M. Di Cori n’avait que 16 ans lorsqu’il a subi ce qui a développé chez lui un «sentiment de méfiance» qui perdure aujourd’hui, explique-t-il.
Pas une surprise
Le passionné d’escrime, qui a pris sa retraite sportive en 2000, s’est confié à la suite du dévoilement des détails entourant la demande d’action collective déposée par les ex-hockeyeurs Daniel Carcillo, Garrett Taylor et Stephen Quirk contre la Ligue canadienne de hockey et ses 60 équipes.
Le juge Paul Perell, de la Cour supérieure de l’Ontario, a rejeté la demande qui couvrait une période de 50 ans, mais a précisé qu’il croyait les 19 victimes alléguées.
Plusieurs des ex-hockeyeurs qui ont livré des témoignages déconcertants ont évolué dans une ligue junior du pays au début des années 1980.
Mais certains faits allégués remontent à moins de 10 ans et certaines des recrues avaient alors à peine 14 ans. Ces faits n’ont d’ailleurs pas surpris les athlètes, entraîneurs ou psychologues à qui Le Journal a parlé.

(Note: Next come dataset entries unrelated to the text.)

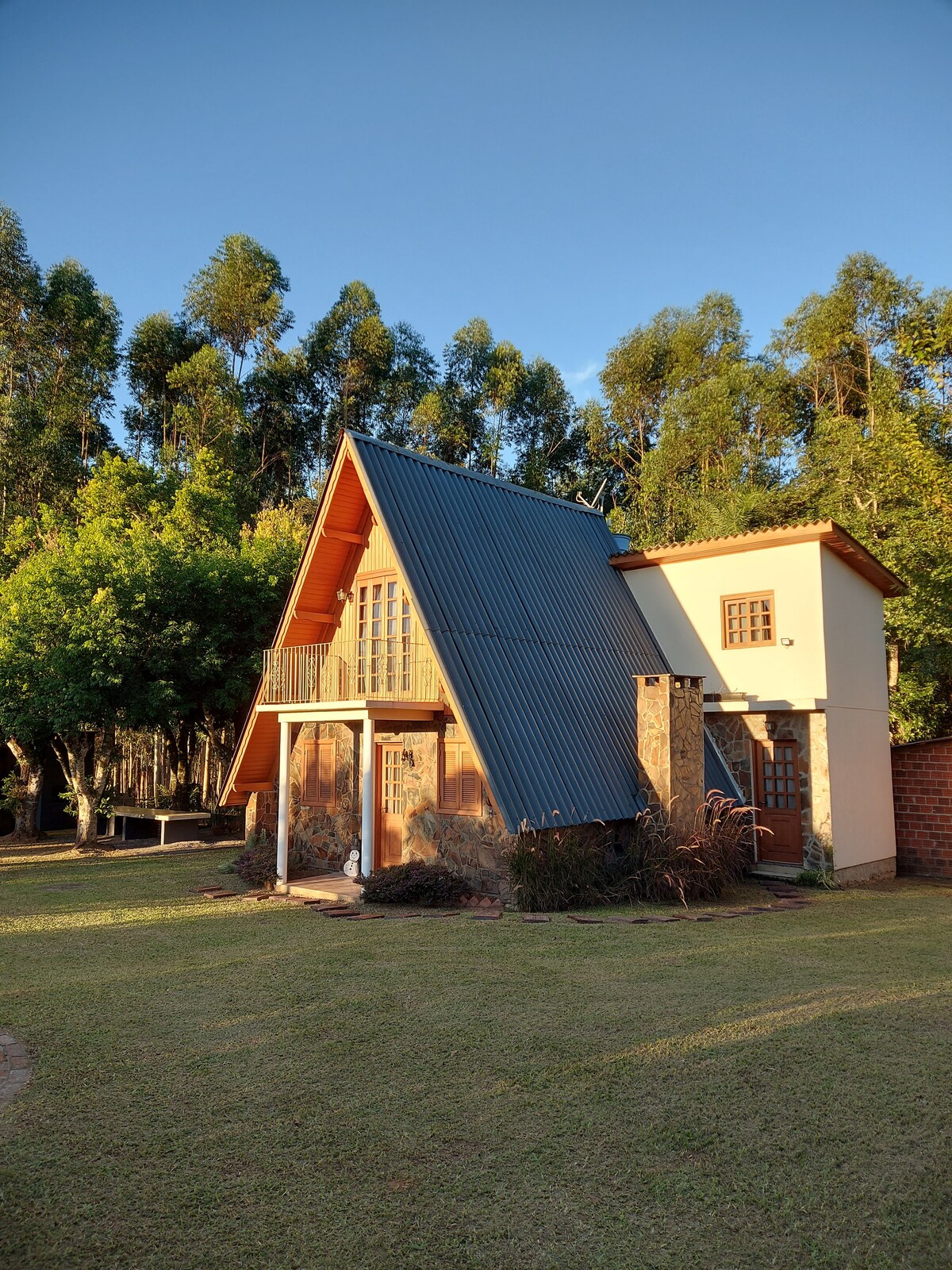 Komplet plads 40 minutter fra Poa, swimmingpool, kiosk, pejs, picnic, plads til lual. Interaktion med dyr og have med frugt og indfødte træer. Hængekøje, gynge og masser af plads til at have det sjovt, nyde livet på landet og nyde en lækker gaucho-grill. Om natten giver den stjernefyldte himmel stedet et romantisk præg. 100 MB fiberoptisk wi-fi for at holde forbindelsen eller på hjemmekontoret. Vi er 10 min. Velopark og 1 time fra Gramado. Kom til at tilbringe utrolige dage!
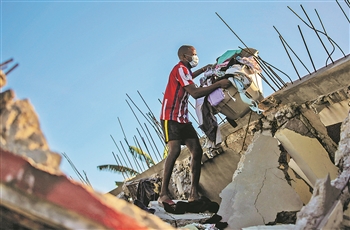 下图:8月14日,在海地莱凯,一名男子在被地震毁坏的家中搜寻物品。新华社/美联
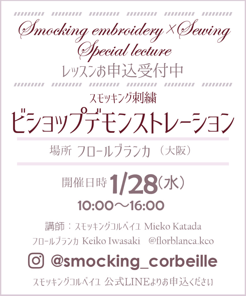 スモッキングコルベイユ×フロールブランカのコラボ講座は今回で2回目になります。
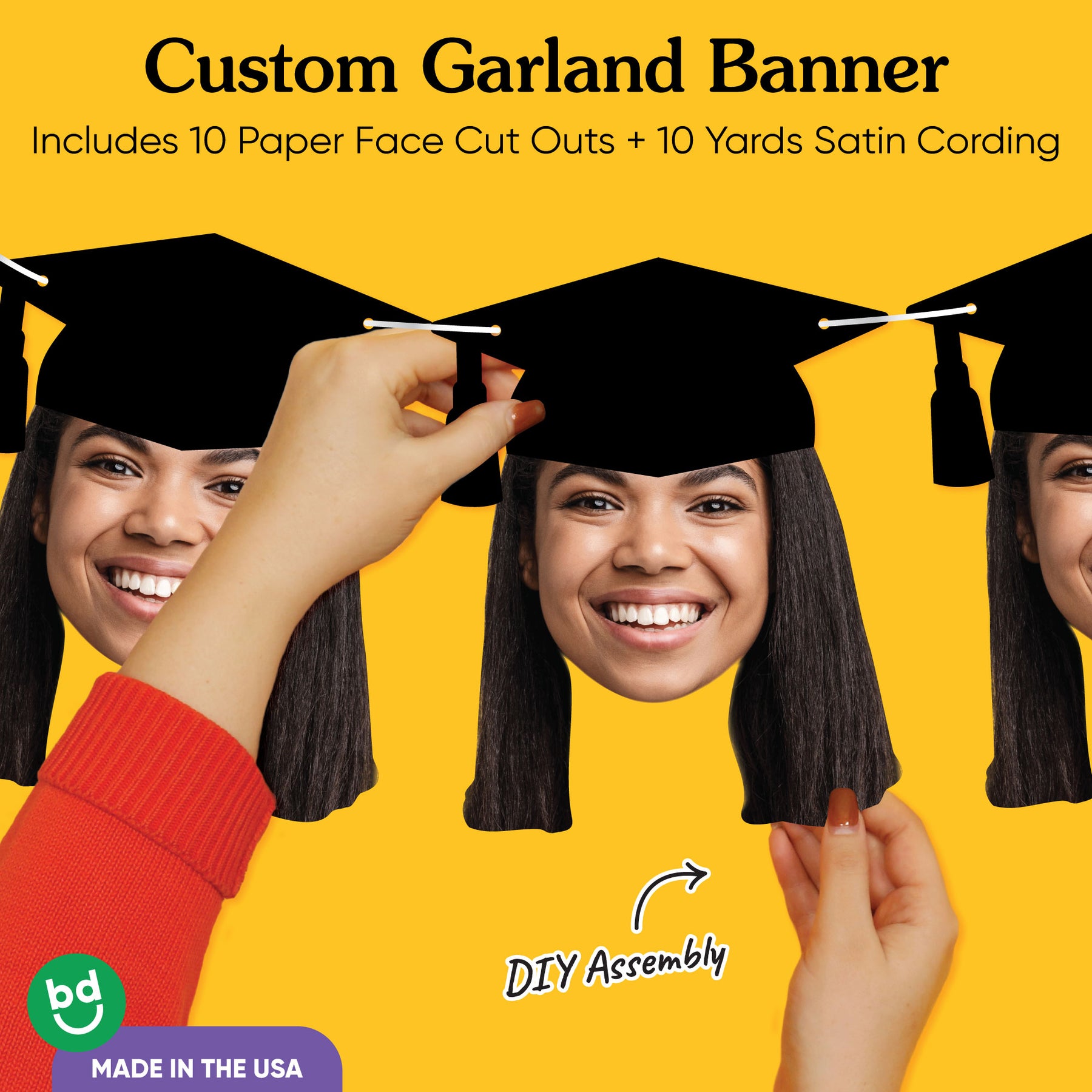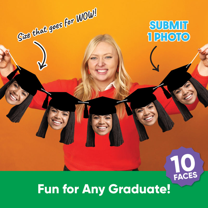 Add a personalized, fun touch to your graduation party with our Custom Fun Face Garland Banner. This banner features 10 oversized face cutouts with an added-on grad cap and white satin cording for a customizable display. Upload your favorite forward-facing photo, and our designers will create a face-only design to wow your guests. Crafted from sturdy cardstock and made in the USA, it’s easy to string up and enjoy. Think beyond the party table! Hang it across a dessert table, drape it as a photo booth backdrop, or use it to greet your guests at the welcome entrance.
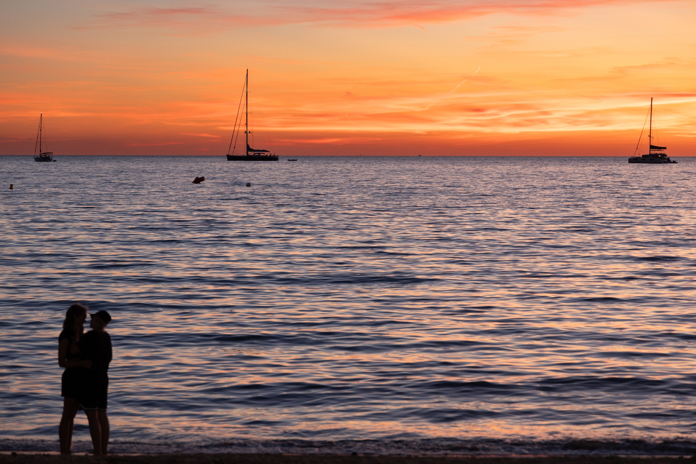 Die goldene Stunde am Strand von Mallorca und die perfekte Szene dank einem Liebespaar. Wer versinkt nicht in Gedanken bei längerer Betrachtung?
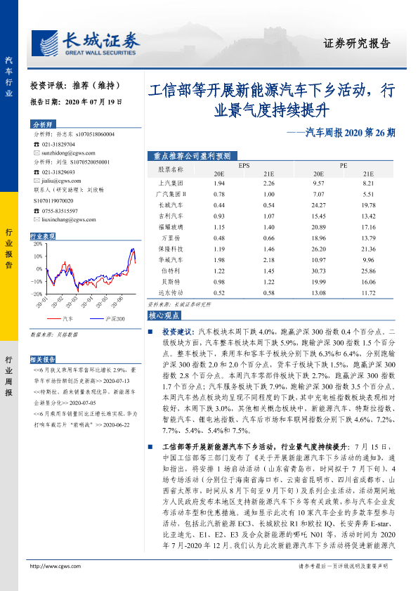 【长城证券】【20200719】汽车周报2020第26期:工信部等开展新能源汽车下乡活动,行业景气度持续提升-15页
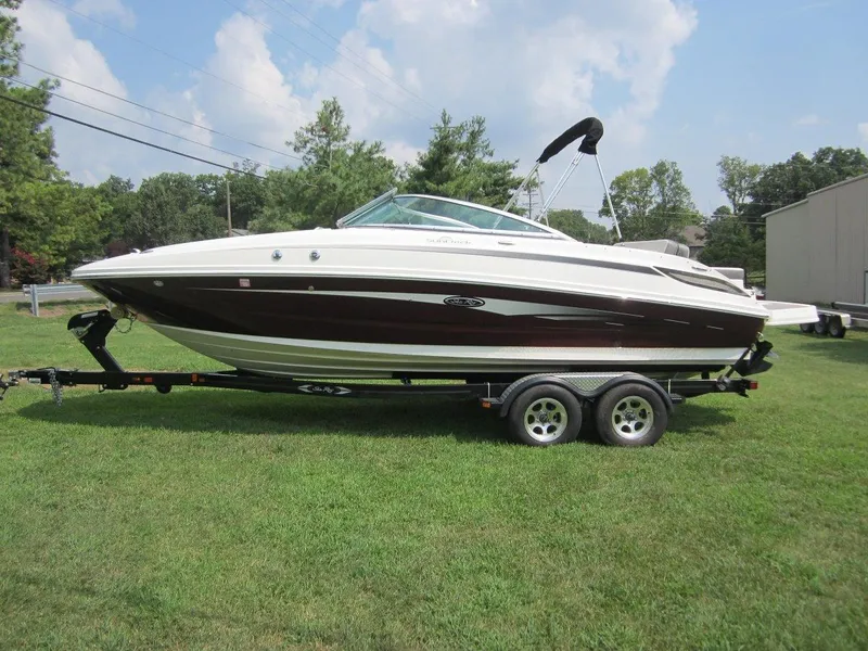This boat comes on a tandem axle trailer with brakes, and spare tire.
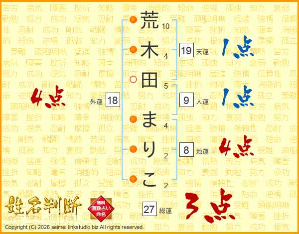 荒(10画)木(4画)田(5画) ま(4画)り(2画)こ(2画)
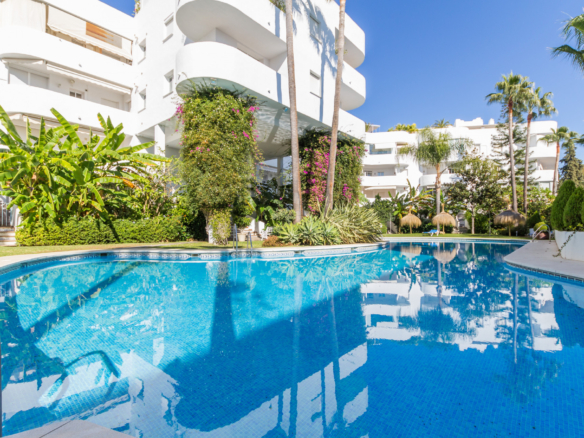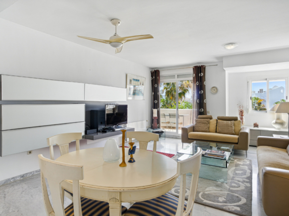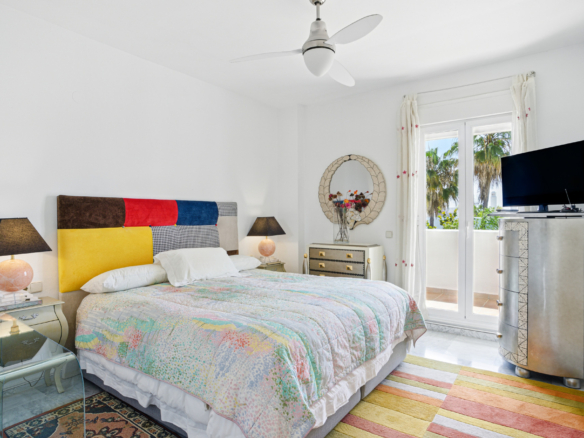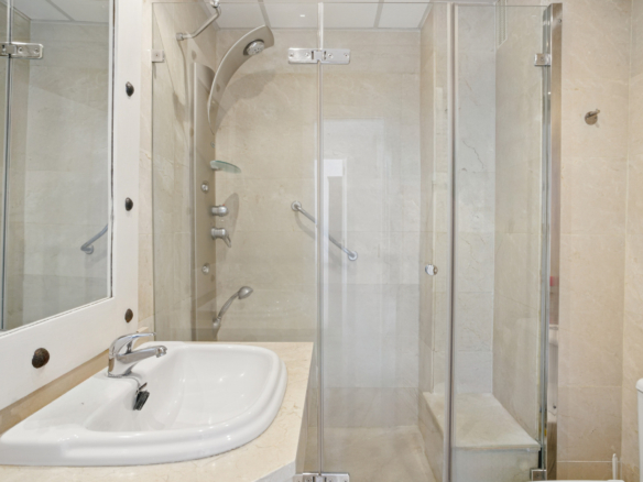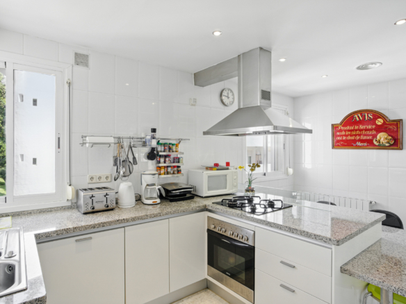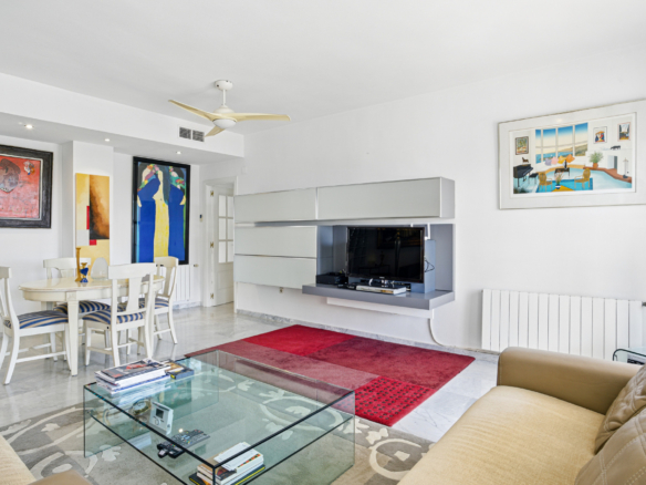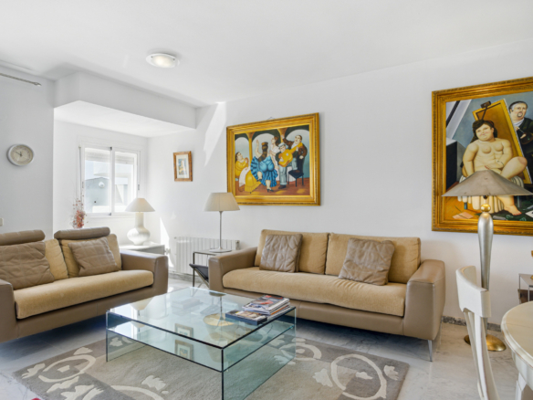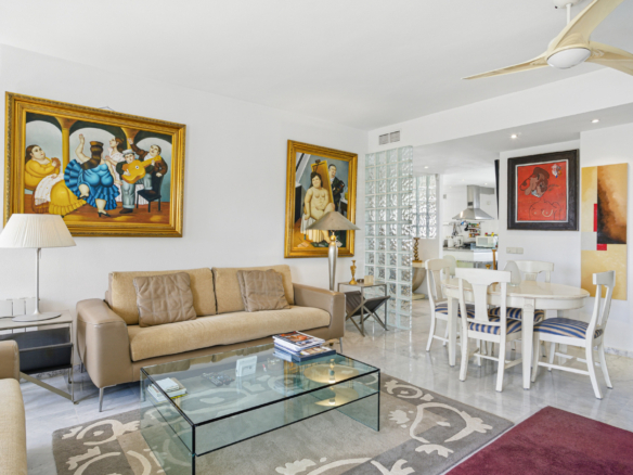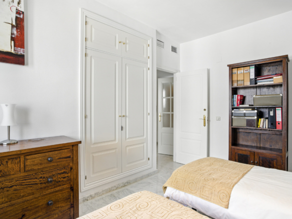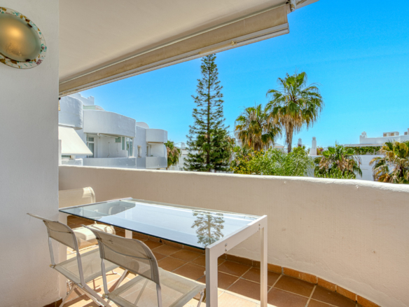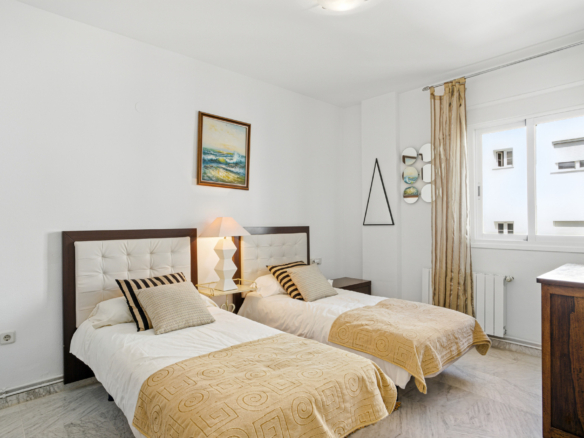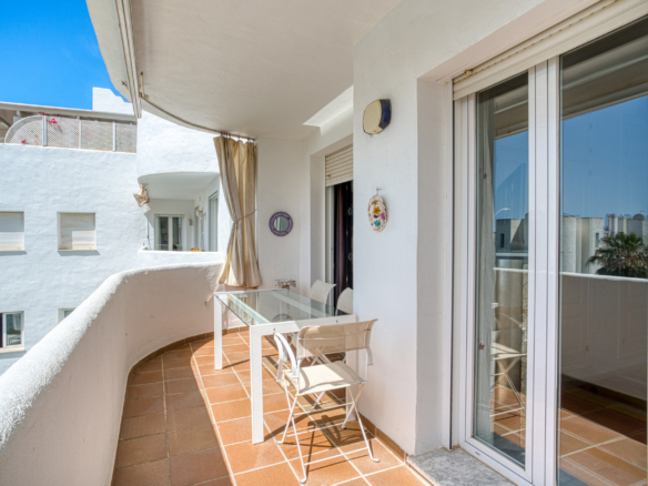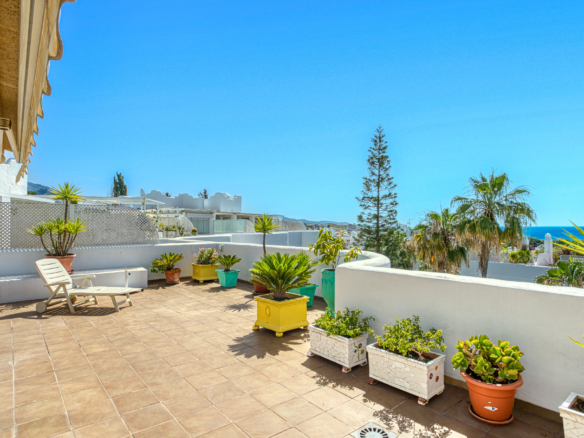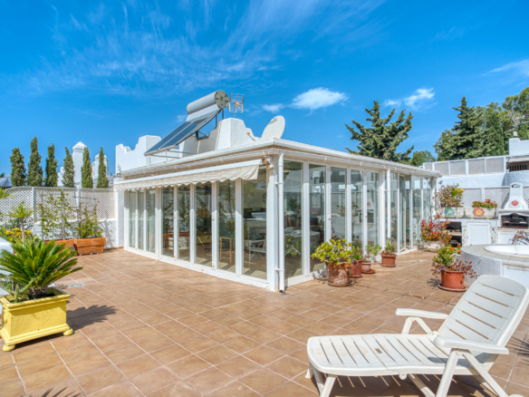 Imponerende tre soveværelser, sydvendt duplex penthouse i det velkendte og gated fællesskab Marbella Real. Dette prestigefyldte samfund er i hjertet af Golden Mile med velplejede tropiske haver, en legeplads, fem fælles swimmingpools, gymnasium, sauna og padle domstole. Ejendommen er kun en kort gåtur til nogle af de bedste strande i Marbella, restauranter, butikker og alle fritidsfaciliteter. Ejendommen har en stue og spiseplads med adgang til en privat terrasse; fuldt udstyret rummeligt køkken; master suite; to værelses soveværelser; og et gæste badeværelse. Det øverste niveau tilbyder et rummeligt solarium, som er delvist lukket og kan bruges som et ekstra soveværelse eller lounge område, med jacuzzi og terrasse med imponerende havudsigt. Andre funktioner omfatter indbyggede garderobeskabe, varm og kold aircondition, lukker på vinduer, privat parkeringsplads og et opbevaringsrum.

«Je suis issu du milieu du hockey et ce sont des choses dont on entendait parler. Je ne les ai jamais vécues ni subies, mais ces histoires, on les entendait», a pointé Dany Bernard, le fondateur du programme de sports-étude hockey à Québec, qui est aussi docteur en psychologie sportive.
M. Bernard s’explique d’ailleurs mal ces rituels de bizutage. «Ça me dépasse qu’on puisse penser que de telles initiations vont solidifier l’esprit d’équipe», a-t-il martelé.
Mauvaise façon d’intégrer
La docteure Linda S. Pagani, professeure à l’École de psychoéducation de l’Université de Montréal et chercheuse au CHU Sainte-Justine, critique également la contre-productivité de ces rites coercitifs.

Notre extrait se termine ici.